What to do » Please return the listing exactly as written, but without its pictures.

Data excerpts »
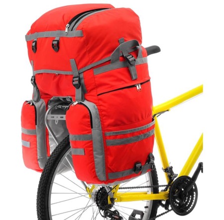 На что нужно обратить внимание в первую очередь: велорюкзак типа "штаны" должен быть прочным и легко отстегиваться от багажника, приспособлен для переноса и под различную нагрузку (коврик, топор, насос, палатка), обязательно должен иметь светоотражающие элементы.
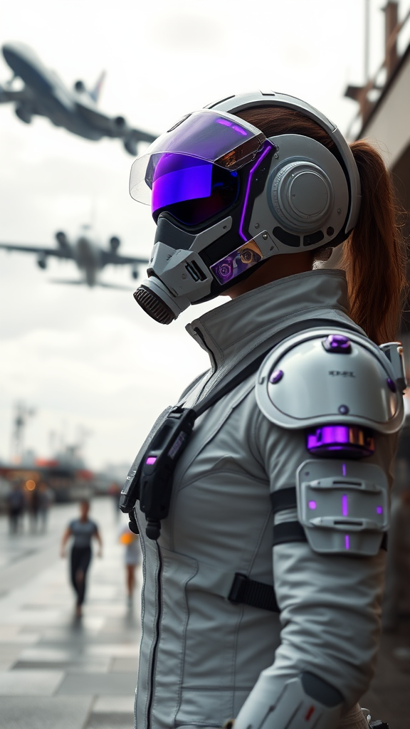 A female figure in a sleek, white jumpsuit stands in the bustling atmosphere of a spaceport, where a massive ship is taking off in the cloudy, overcast sky. The woman wears a shimmering purple visor mask with advanced sci-fi technology, including intricate lenses and a compact respirator, complementing her streamlined plate armor. This armor appears both protective and stylish, emphasizing isolated sections that reflect light dramatically. The scene is captured from a low-angle, third-person perspective, emphasizing the contrast between the detailed jumpsuit and the expansive spaceport environment. The entire composition benefits from photorealistic CGI, utilizing cinematic rendering techniques like ray tracing to achieve ultra-HD 8K resolution. Natural textures and lighting create a moody ambiance, enhanced by blur effects and long exposure, giving the image a dynamic, cinematic quality. The setting feels alive and teeming with futuristic energy, despite slight imperfections like blurriness and asymmetrical detailing, which contribute to its unique, immersive appeal.
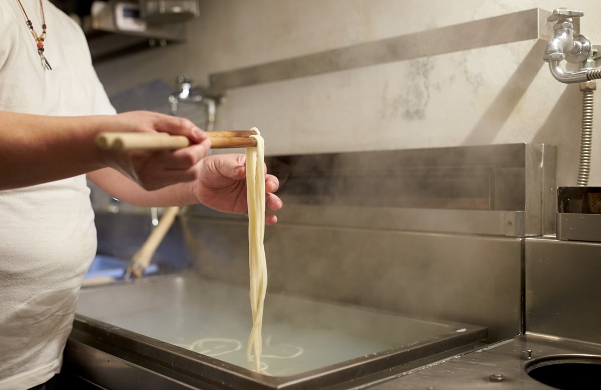 うどん AGATA では、ひとつひとつの仕込に手間ひまをかけて化学調味料を一切使わないことをポリシーにしたうどん作りをおこなっています。そして古くからの味、本当の味を大切にしながら日々新しい事に挑戦していくことを大事にしています。
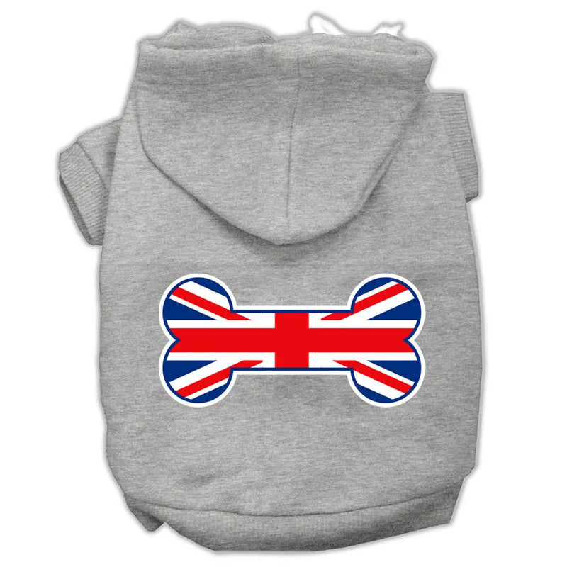 Bone Shaped United Kingdom (union Jack) Flag Screen Print Pet Hoodies Grey Xxl Default Title
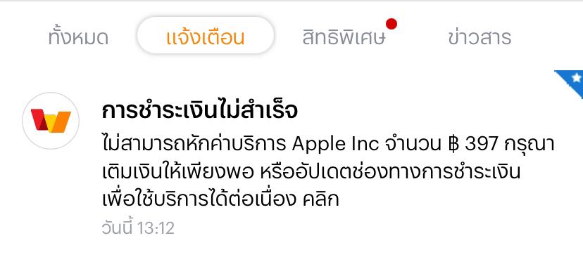 คือเราเรามาเลื่อนแจ้งเตือนในทรูมันนี่ค่ะ แล้วพบการเรียกเก็บเงินจากApple Inc จำนวน397บาท
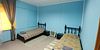 В каждом номере по три односпальных кровати. Два санузла внутри дома, по одному на два номера. Есть душ с холодной и горячей водой.
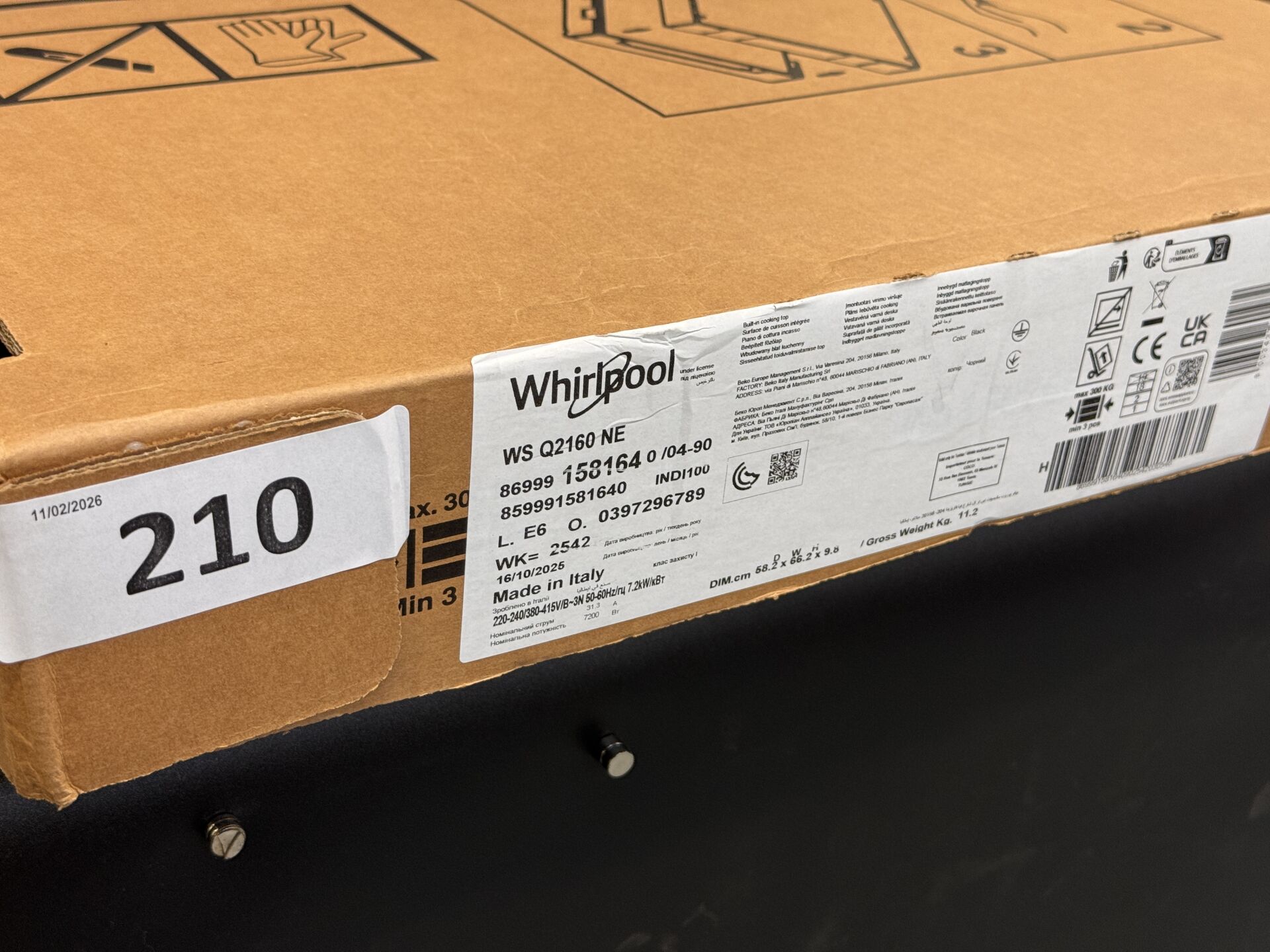 TABLE DE CUISSON INDUCTION WHIRLPOOL WSQ2160NE 8003437601972 EXPEDITION POSSIBLE (ce lot chez vous en France métropolitaine pour 32,18€) Lot issu de colis non réclamés : état de fonctionnement non garanti. (la première image est une image d'illustration)
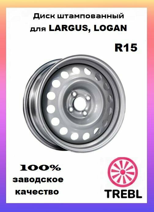 Диск штампованный TREBL 64A50C Silver 6x15 4x100 ET50 ст60,1 Logan new TREBL64A50CSilver
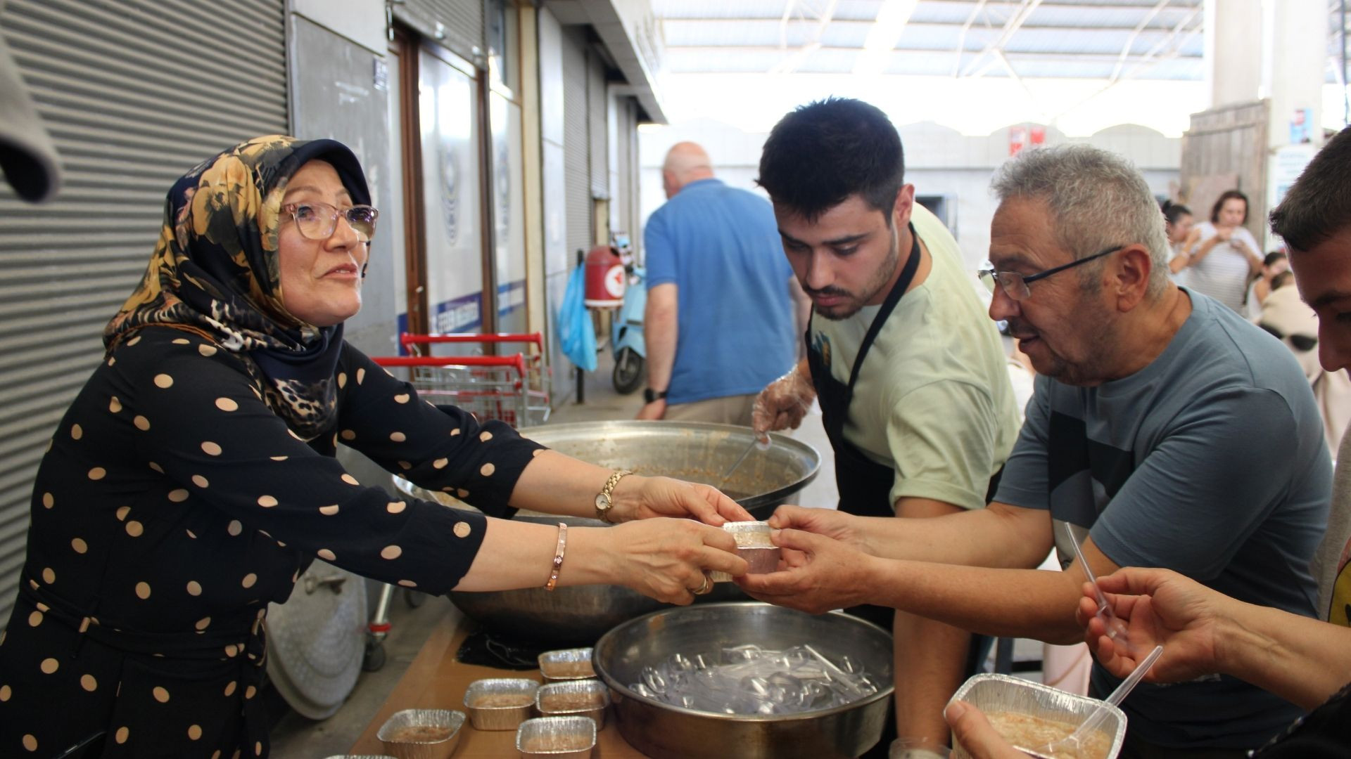 Fatih Mahallesi kapalı pazar yerinde gerçekleştirilen hayır etkinliği, Kur’an-ı Kerim tilaveti ve dualarla başladı. Yaklaşık 500 kişilik aşure, mahalleli kadınların el birliği ve imece usulüyle titizlikle hazırlanarak vatandaşlara ikram edildi.
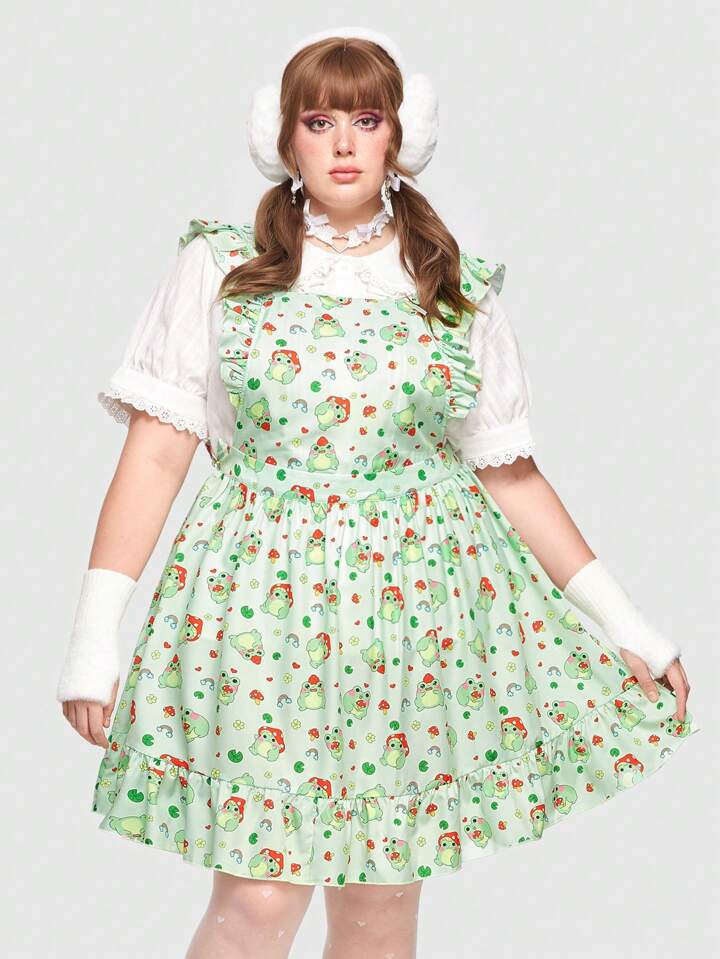 Kawaii Women's Plus Size Cartoon Print Lace Trim Dress (shirt Not Included)
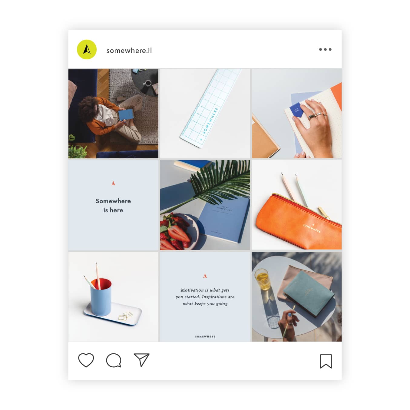 The way people work has changed, and with it, the need for hybrid and flexible solutions. With this consumer insight, we created a new office stationary and accessory brand. Somewhere was created for the worker on the move - to make working days easier and beautiful anywhere one goes. We created a free-spirited brand that breathes creativity and exploration, accompanying every worker on their journey of constant migration.
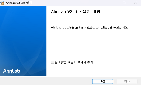 사용자가 원하는 옵션을 선택하고, 약관에 동의한 뒤 설치를 완료하면 V3 Lite가 PC에 설치됩니다.
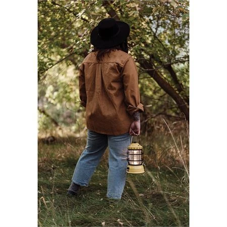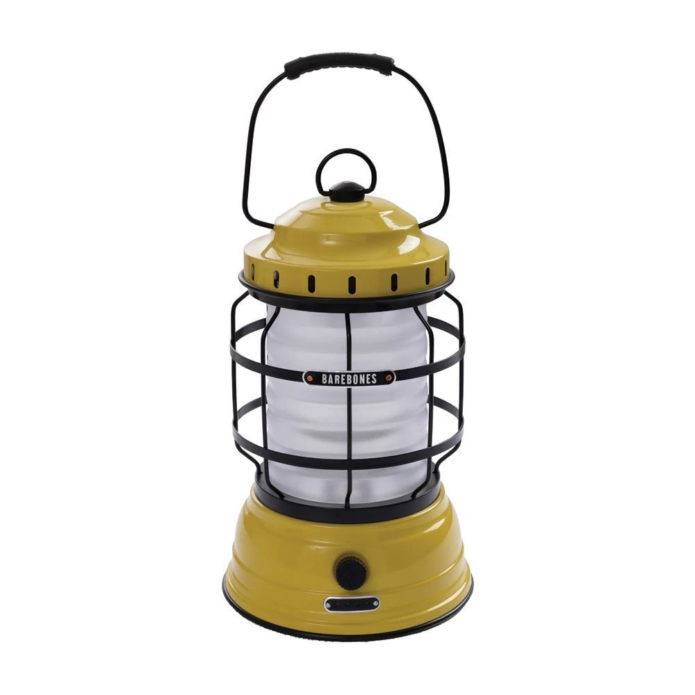 Model – BARE160. Barebones Living Forest Lantern Dusty Yellow. Dimensions: 6″ x 9.5″ x 6″. Water resistant. Impact resistant. Rechargeable. 5 Watt CREE. 220 lumens. Warm ambient LED light. 4–80 hours run time, depending on setting. Micro USB charging cord. Stamped steel, plastic, and rubber construction. Requires (2) 18650 batteries (included). Color: Yellow. Boxed. Made in China.
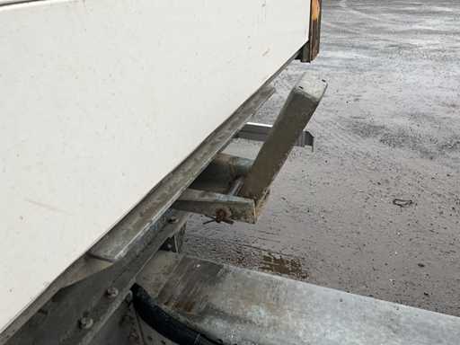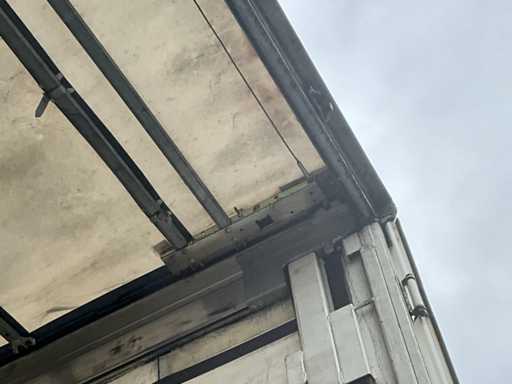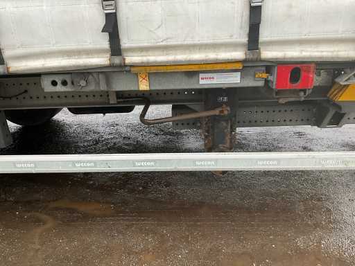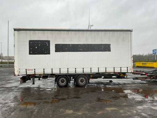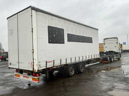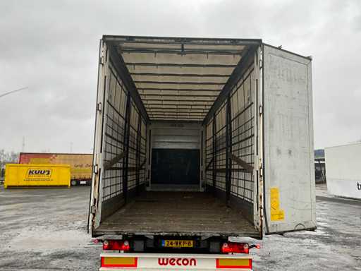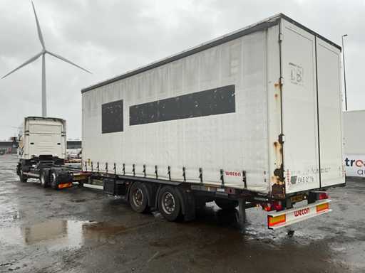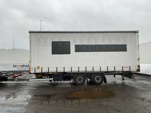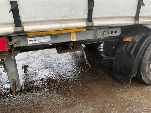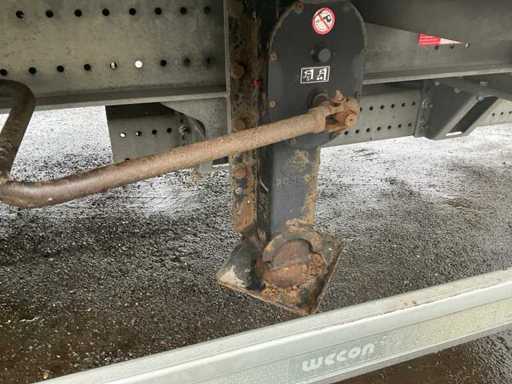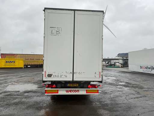 Z 2017 Wecon trailer 20-stopowa przyczepa kontenerowa wyposażona w twistlocki; wyposażony w zamykaną skrzynkę BDF Wecon z baldachimem; wymiar wewnętrzny: 8000x2450x3000 mm; Belki saneczkowe 715mm hoh, z dachem zwijanym / przesuwnym; Dach podnoszony, podwójnie zamykane drzwi z tyłu; Przyczepa z nogami podporowymi przód i tył, Belki ramy 1200mm hoh, wtyczka 15-pin, wtyczka ABS, Duomatic
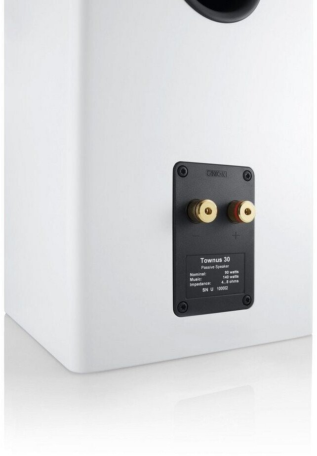 Kompaktowe głośniki bass reflex Townus 30 wyróżniają się ponadczasowym, eleganckim wyglądem i doskonałymi właściwościami dźwiękowymi. Pomimo niewielkich rozmiarów, te atrakcyjne 2-drożne głośniki bass reflex oferują mocny, głęboki bas i niesamowitą dynamikę. Zrównoważone brzmienie, jednorodność i pełny zakres częstotliwości sprawiają, że kompaktowe głośniki Townus 30 są uniwersalnym rozwiązaniem do odtwarzania wszelkiego rodzaju muzyki. W kompaktowych głośnikach bass reflex wysokiej jakości komponenty techniczne zapewniają znane, dobre brzmienie Canton i niezwykle wysoką niezawodność. Dwa przetworniki głośnikowe, 174-milimetrowy głośnik niskotonowo-średniotonowy z membraną tytanową i 25-milimetrowa kopułka wysokotonowa z ceramiki tlenku glinu, odpowiadają za odtwarzanie muzyki w atrakcyjnym modelu Townus 30. Dzięki technologii Wave-Sicken i naszej opatentowanej technologii DC głośniki Townus 30 zawsze grają w sposób kontrolowany. Wreszcie, precyzyjnie obliczony falowód głośnika wysokotonowego zapewnia optymalizację promieniowania dźwięku i sprzężenia 2-drożnego głośnika, który gra pewnie aż do 40 000 herców.
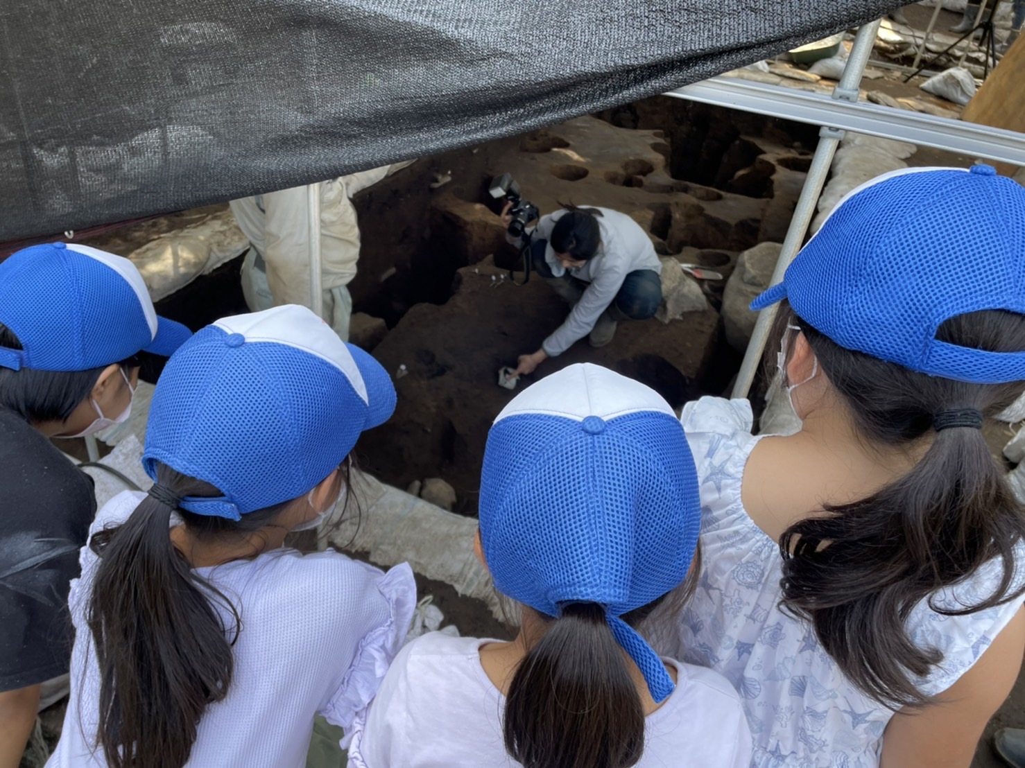 今、鹿児島国際大学考古学研究室のみなさんが発掘に来られていて見学に・・・!
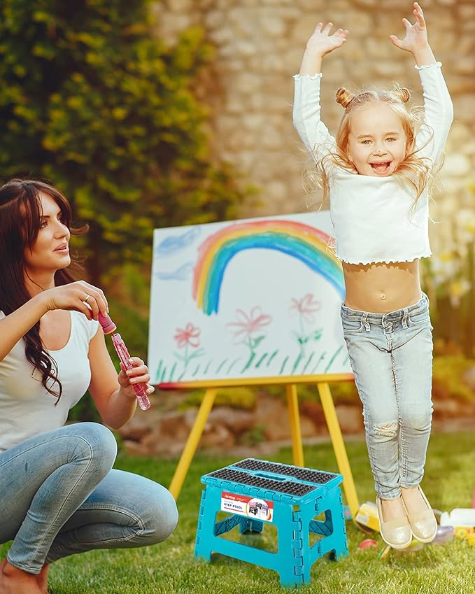 ACSTEP Folding Step Stool 9 inch Height Non-Slip Step Stool for Kid and Adult,Premium Heavy Duty Foldable Stool Kitchen Garden Bathroom Stepping Stool (Blue,1 Pack)

Task answer »
 На что нужно обратить внимание в первую очередь: велорюкзак типа "штаны" должен быть прочным и легко отстегиваться от багажника, приспособлен для переноса и под различную нагрузку (коврик, топор, насос, палатка), обязательно должен иметь светоотражающие элементы.
 A female figure in a sleek, white jumpsuit stands in the bustling atmosphere of a spaceport, where a massive ship is taking off in the cloudy, overcast sky. The woman wears a shimmering purple visor mask with advanced sci-fi technology, including intricate lenses and a compact respirator, complementing her streamlined plate armor. This armor appears both protective and stylish, emphasizing isolated sections that reflect light dramatically. The scene is captured from a low-angle, third-person perspective, emphasizing the contrast between the detailed jumpsuit and the expansive spaceport environment. The entire composition benefits from photorealistic CGI, utilizing cinematic rendering techniques like ray tracing to achieve ultra-HD 8K resolution. Natural textures and lighting create a moody ambiance, enhanced by blur effects and long exposure, giving the image a dynamic, cinematic quality. The setting feels alive and teeming with futuristic energy, despite slight imperfections like blurriness and asymmetrical detailing, which contribute to its unique, immersive appeal.
 うどん AGATA では、ひとつひとつの仕込に手間ひまをかけて化学調味料を一切使わないことをポリシーにしたうどん作りをおこなっています。そして古くからの味、本当の味を大切にしながら日々新しい事に挑戦していくことを大事にしています。
 Bone Shaped United Kingdom (union Jack) Flag Screen Print Pet Hoodies Grey Xxl Default Title
 คือเราเรามาเลื่อนแจ้งเตือนในทรูมันนี่ค่ะ แล้วพบการเรียกเก็บเงินจากApple Inc จำนวน397บาท
 В каждом номере по три односпальных кровати. Два санузла внутри дома, по одному на два номера. Есть душ с холодной и горячей водой.
 TABLE DE CUISSON INDUCTION WHIRLPOOL WSQ2160NE 8003437601972 EXPEDITION POSSIBLE (ce lot chez vous en France métropolitaine pour 32,18€) Lot issu de colis non réclamés : état de fonctionnement non garanti. (la première image est une image d'illustration)
 Диск штампованный TREBL 64A50C Silver 6x15 4x100 ET50 ст60,1 Logan new TREBL64A50CSilver
 Fatih Mahallesi kapalı pazar yerinde gerçekleştirilen hayır etkinliği, Kur’an-ı Kerim tilaveti ve dualarla başladı. Yaklaşık 500 kişilik aşure, mahalleli kadınların el birliği ve imece usulüyle titizlikle hazırlanarak vatandaşlara ikram edildi.
 Kawaii Women's Plus Size Cartoon Print Lace Trim Dress (shirt Not Included)
 The way people work has changed, and with it, the need for hybrid and flexible solutions. With this consumer insight, we created a new office stationary and accessory brand. Somewhere was created for the worker on the move - to make working days easier and beautiful anywhere one goes. We created a free-spirited brand that breathes creativity and exploration, accompanying every worker on their journey of constant migration.
 사용자가 원하는 옵션을 선택하고, 약관에 동의한 뒤 설치를 완료하면 V3 Lite가 PC에 설치됩니다.
 Model – BARE160. Barebones Living Forest Lantern Dusty Yellow. Dimensions: 6″ x 9.5″ x 6″. Water resistant. Impact resistant. Rechargeable. 5 Watt CREE. 220 lumens. Warm ambient LED light. 4–80 hours run time, depending on setting. Micro USB charging cord. Stamped steel, plastic, and rubber construction. Requires (2) 18650 batteries (included). Color: Yellow. Boxed. Made in China.
 Z 2017 Wecon trailer 20-stopowa przyczepa kontenerowa wyposażona w twistlocki; wyposażony w zamykaną skrzynkę BDF Wecon z baldachimem; wymiar wewnętrzny: 8000x2450x3000 mm; Belki saneczkowe 715mm hoh, z dachem zwijanym / przesuwnym; Dach podnoszony, podwójnie zamykane drzwi z tyłu; Przyczepa z nogami podporowymi przód i tył, Belki ramy 1200mm hoh, wtyczka 15-pin, wtyczka ABS, Duomatic
 Kompaktowe głośniki bass reflex Townus 30 wyróżniają się ponadczasowym, eleganckim wyglądem i doskonałymi właściwościami dźwiękowymi. Pomimo niewielkich rozmiarów, te atrakcyjne 2-drożne głośniki bass reflex oferują mocny, głęboki bas i niesamowitą dynamikę. Zrównoważone brzmienie, jednorodność i pełny zakres częstotliwości sprawiają, że kompaktowe głośniki Townus 30 są uniwersalnym rozwiązaniem do odtwarzania wszelkiego rodzaju muzyki. W kompaktowych głośnikach bass reflex wysokiej jakości komponenty techniczne zapewniają znane, dobre brzmienie Canton i niezwykle wysoką niezawodność. Dwa przetworniki głośnikowe, 174-milimetrowy głośnik niskotonowo-średniotonowy z membraną tytanową i 25-milimetrowa kopułka wysokotonowa z ceramiki tlenku glinu, odpowiadają za odtwarzanie muzyki w atrakcyjnym modelu Townus 30. Dzięki technologii Wave-Sicken i naszej opatentowanej technologii DC głośniki Townus 30 zawsze grają w sposób kontrolowany. Wreszcie, precyzyjnie obliczony falowód głośnika wysokotonowego zapewnia optymalizację promieniowania dźwięku i sprzężenia 2-drożnego głośnika, który gra pewnie aż do 40 000 herców.
 今、鹿児島国際大学考古学研究室のみなさんが発掘に来られていて見学に・・・!
 ACSTEP Folding Step Stool 9 inch Height Non-Slip Step Stool for Kid and Adult,Premium Heavy Duty Foldable Stool Kitchen Garden Bathroom Stepping Stool (Blue,1 Pack)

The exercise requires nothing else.